**Records for the task:**
##########
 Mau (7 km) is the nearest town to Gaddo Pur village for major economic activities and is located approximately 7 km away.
##########
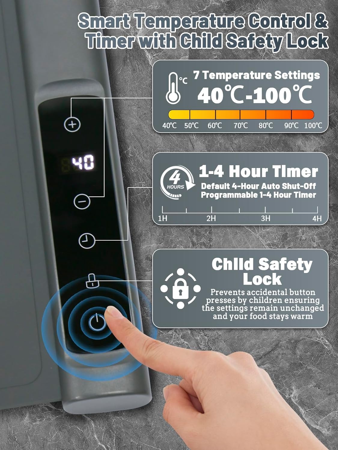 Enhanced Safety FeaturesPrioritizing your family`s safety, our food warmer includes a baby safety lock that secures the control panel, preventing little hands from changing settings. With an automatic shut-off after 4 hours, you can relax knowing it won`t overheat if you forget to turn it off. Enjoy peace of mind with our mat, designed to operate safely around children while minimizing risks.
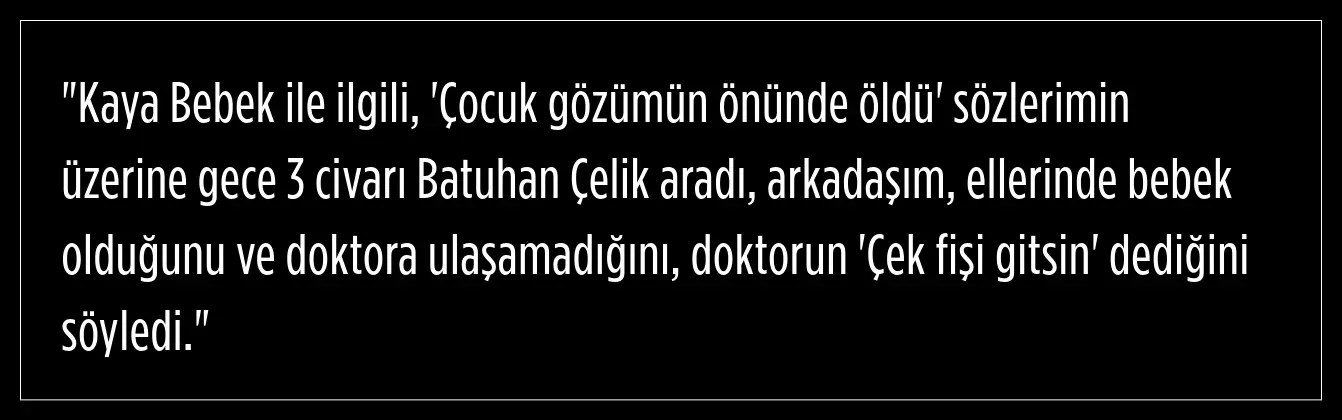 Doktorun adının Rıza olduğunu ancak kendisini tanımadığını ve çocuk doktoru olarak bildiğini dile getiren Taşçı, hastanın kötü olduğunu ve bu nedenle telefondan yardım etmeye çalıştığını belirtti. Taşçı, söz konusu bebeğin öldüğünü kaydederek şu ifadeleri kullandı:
##########
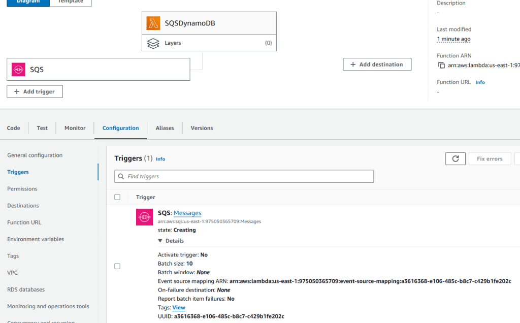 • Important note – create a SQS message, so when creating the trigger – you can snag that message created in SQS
##########
**To do:**
Find the line with "Enhanced Safety FeaturesPrioritizing" in the data above, and from there retype each line exactly through the line with "Doktorun adının Rıza", skipping the pictures along the way.

**Output for this exercise:**
 Enhanced Safety FeaturesPrioritizing your family`s safety, our food warmer includes a baby safety lock that secures the control panel, preventing little hands from changing settings. With an automatic shut-off after 4 hours, you can relax knowing it won`t overheat if you forget to turn it off. Enjoy peace of mind with our mat, designed to operate safely around children while minimizing risks.
 Doktorun adının Rıza olduğunu ancak kendisini tanımadığını ve çocuk doktoru olarak bildiğini dile getiren Taşçı, hastanın kötü olduğunu ve bu nedenle telefondan yardım etmeye çalıştığını belirtti. Taşçı, söz konusu bebeğin öldüğünü kaydederek şu ifadeleri kullandı:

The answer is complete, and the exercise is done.